DATA FOR THIS EXERCISE below:

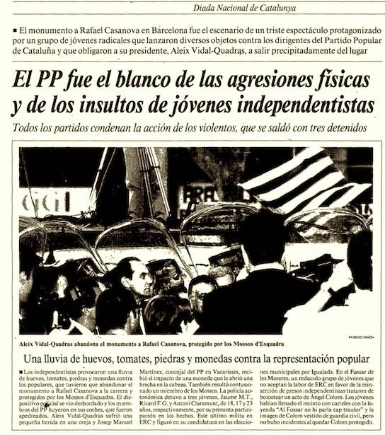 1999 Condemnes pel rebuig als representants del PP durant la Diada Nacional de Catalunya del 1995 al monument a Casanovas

End of DATA FOR THIS EXERCISE.
DATA FOR THIS EXERCISE below:

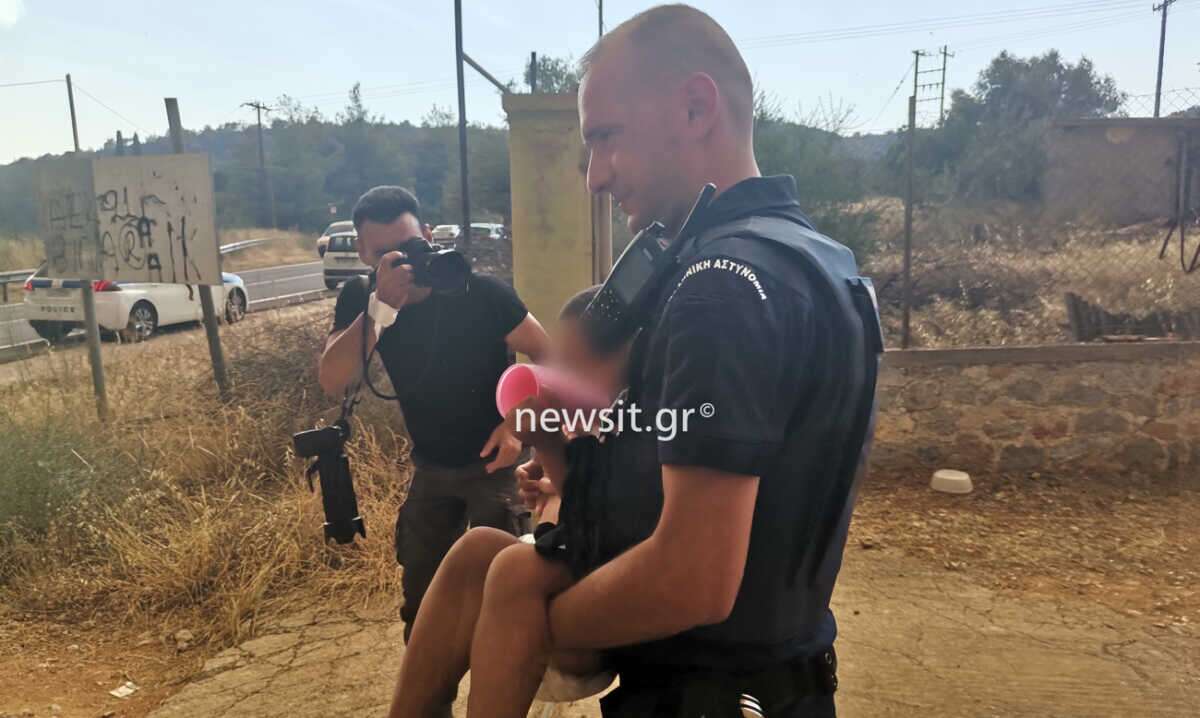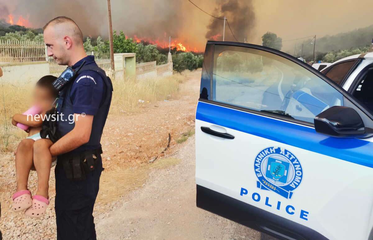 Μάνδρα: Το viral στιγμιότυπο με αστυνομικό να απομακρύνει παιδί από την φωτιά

End of DATA FOR THIS EXERCISE.
DATA FOR THIS EXERCISE below:

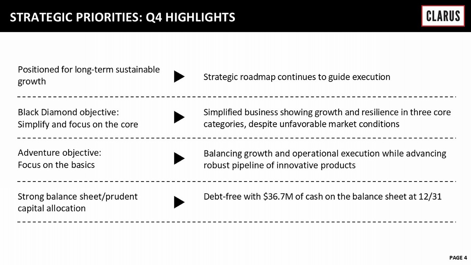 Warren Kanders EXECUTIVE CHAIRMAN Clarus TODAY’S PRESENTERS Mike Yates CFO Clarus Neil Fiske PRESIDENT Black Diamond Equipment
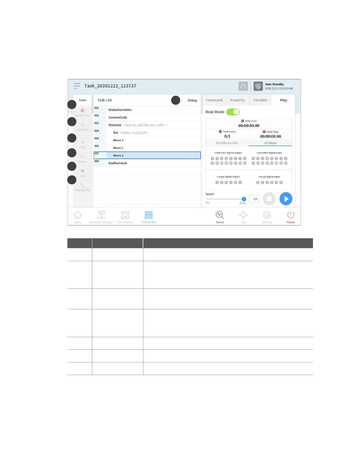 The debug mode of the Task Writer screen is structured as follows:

End of DATA FOR THIS EXERCISE.

* [EXERCISE AIM] With the pictures omitted, print the lines above exactly, beginning at the line with "Warren Kanders EXECUTIVE" and going on through the line with "The debug mode".

* [YOUR SOLUTION]
 Warren Kanders EXECUTIVE CHAIRMAN Clarus TODAY’S PRESENTERS Mike Yates CFO Clarus Neil Fiske PRESIDENT Black Diamond Equipment
 The debug mode of the Task Writer screen is structured as follows:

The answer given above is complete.